Voter Initiative a ‘Moral Campaign’
With pledges of impartiality and appeals to the better angels of our nature, the East Hampton Clericus announced an interfaith initiative dedicated to voter registration, engagement, and turnout last Thursday at Calvary Baptist Church in East Hampton.
In a meeting at the church, the Rev. Walter Silva Thompson Jr., senior pastor of the Calvary church and a member of the Clericus, introduced VoteHamptonNY, which he described as a nonpartisan, clergy-based plan to encourage voters to fulfill their civic duty.
VoteHamptonNY, Mr. Thompson said, is “a moral campaign” to ensure that residents understand the value of civic engagement through voter registration and the exercise of their right. “The sociopolitical and economic climate in our country calls for our communities to communicate with one another,” he said, “to work together and build accountable plans to educate, engage, organize, and mobilize its citizens along with working to keep its elected officials morally and politically accountable.”
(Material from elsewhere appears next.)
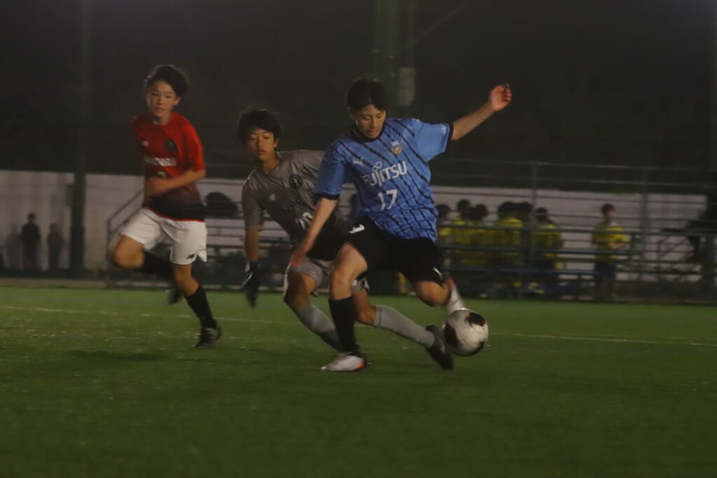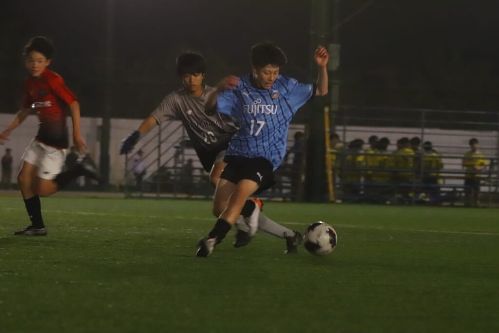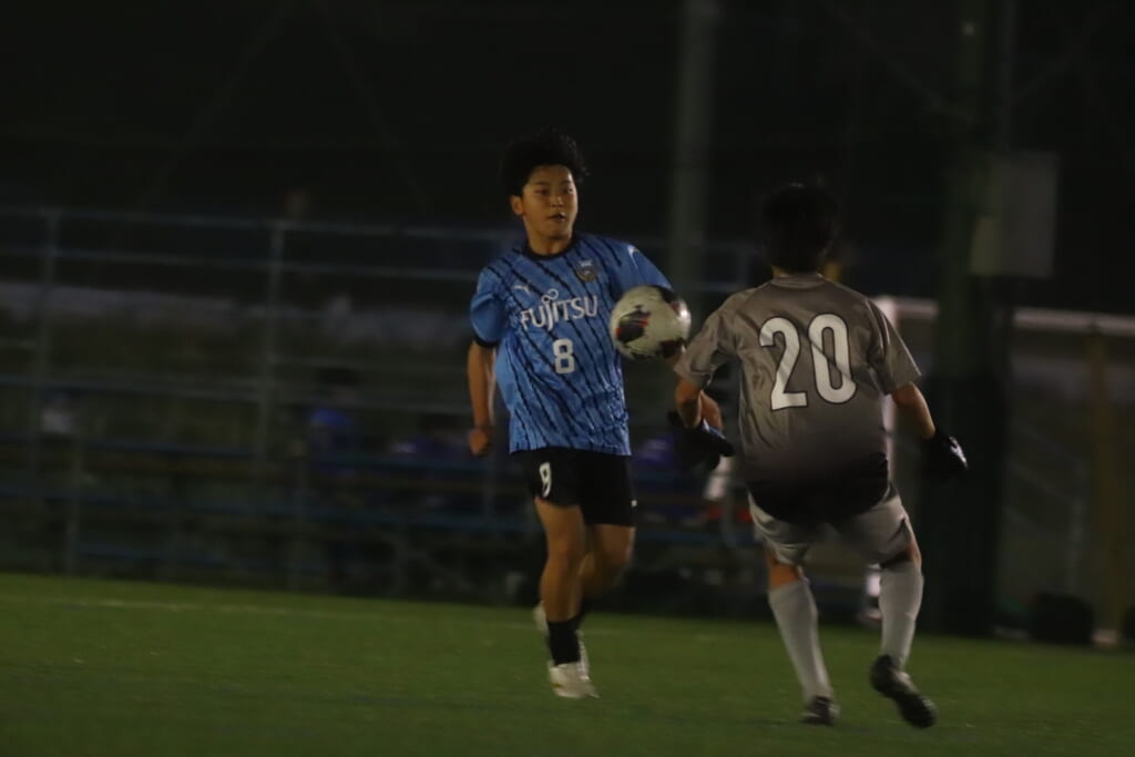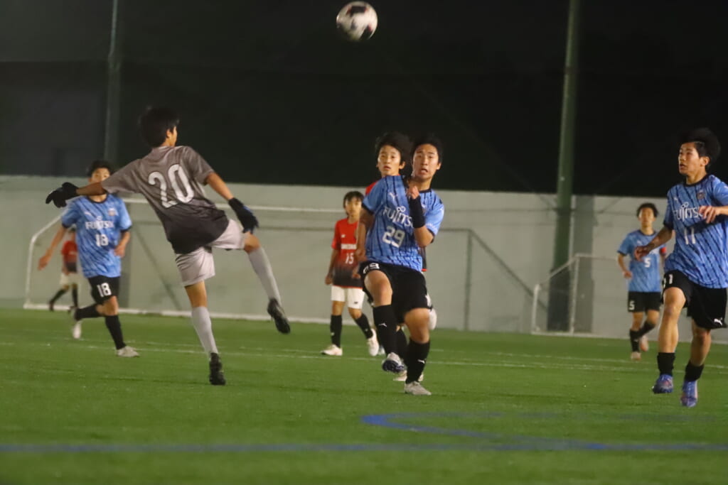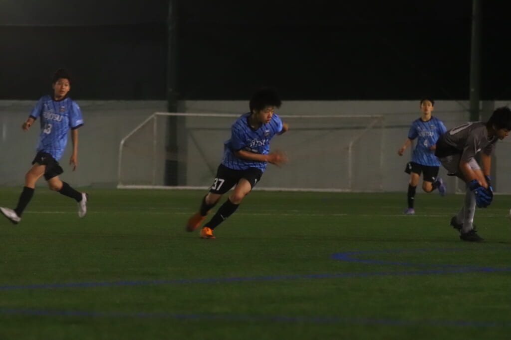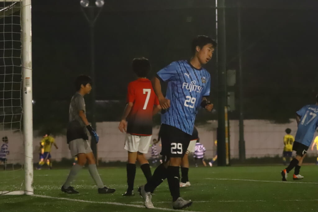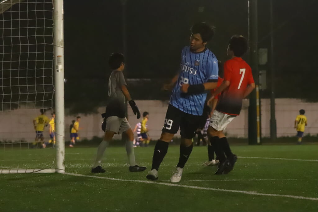 西川が折り返すと正面でシュートを打ったのは荻原。これが決まり、4-0。フロンターレ等々力がさらに追加点を挙げます。

Along with voter registration and mobilization, the initiative calls for a monthly series in which speakers from both major parties at the state and national level will address the community. “This initiative seeks to hold them accountable to what they say and what they do,” Mr. Thompson said. “It is incumbent upon us to do research” so participants “can ask the right questions.” Congregations will also designate a member or members to educate people on registration and the importance of participation in the electoral process, he said.
A primary goal is to inform the community about the primary elections scheduled for June 26 and Sept. 13 as well as the midterm election on Nov. 6.
Reading a statement from the Clericus, Mr. Thompson said that, “As religious leaders in the community, we must underscore the ethical and moral impetus for peaceful discussions and consideration of the needs of all of us who live together according to a serene process.” As leaders of differing beliefs, “we can personally attest to the ease and existential utility of gathering together, discussing all concerns, and always keeping an eye on the future as we work to live peacefully and successfully in this community.”
For all its affluence, many East Hampton residents face poverty and hunger, said Gregorio Mayers, a founding participant of VoteHamptonNY and a former senior policy adviser with New York City’s Office of the Mayor. He is now a professor at the City University of New York and a part-time resident of East Hampton. “It is our moral responsibility as a community and member of the clergy to galvanize, educate, and get a centered, nonpartisan approach to help people throughout the process when you’re feeling these types of pains and concerns,” he said.
“I want to be able to have friendships that are acknowledged with people who might see the world differently from me,” said Diana Walker, who advocates for immigrants’ rights, “but I want an opportunity to be able to meet and have a discussion and debate.” Ms. Walker said Tuesday that she is “an extremely enthusiastic supporter of bipartisan dialog, which has been all too sadly missing.”
Along with Mr. Mayers and Ms. Walker, founding participants of VoteHamptonNY include Mr. Mayers’s wife, Onida Coward Mayers, the New York City Campaign Finance Board’s director of voter assistance; Louis Myrick, the founder of Current Citizens Group Inc., which seeks to address issues including affordable housing and police guidelines, and Zachary Cohen, chairman of the town’s nature preserve committee and a former candidate for supervisor.
Ms. Walker and Mr. Thompson referred to the philosopher Reinhold Niebuhr and his book, “Moral Man and Immoral Society: A Study in Ethics and Politics,” concluding that religious leaders are obliged to be involved in the political realm in order to ensure justice. Silence becomes betrayal, Mr. Thompson said. “There is the need for a transcendent voice in light of the confusion and the conflict and the bickering and the infighting that’s taking place in both the Democratic Party and the Republican Party,” he said. “I believe there is a need for a collaboration of voices within the community to really come together and try to make some sense of the confusion that most people are inundated with over the news. . . . They feel the political process has lost its moral guidance and significance for helping understand what the issues are within our community. I think this is the time for the transcendent voice to be lifted so we can raise the consciousness of people.”
Reg Cornelia, who until recently was chairman of the East Hampton Town Republican Committee, noted the moral underpinning of the initiative. The Revolutionary War and the antislavery element leading up to the Civil War “were preached from the pulpit,” he said. Likening the present, hyper-partisan climate to the schism between North and South that led to the Civil War, the VoteHamptonNY initiative is timely, he said.
The meeting ended with Mr. Cornelia quoting from Abraham Lincoln’s first inaugural address. “We must not be enemies,” Lincoln said. “Though passion may have strained, it must not break our bonds of affection. The mystic chords of memory, stretching from every battlefield and patriot grave to every living heart and hearthstone all over this broad land, will yet swell the chorus of the Union when again touched, as surely they will be, by the better angels of our nature.”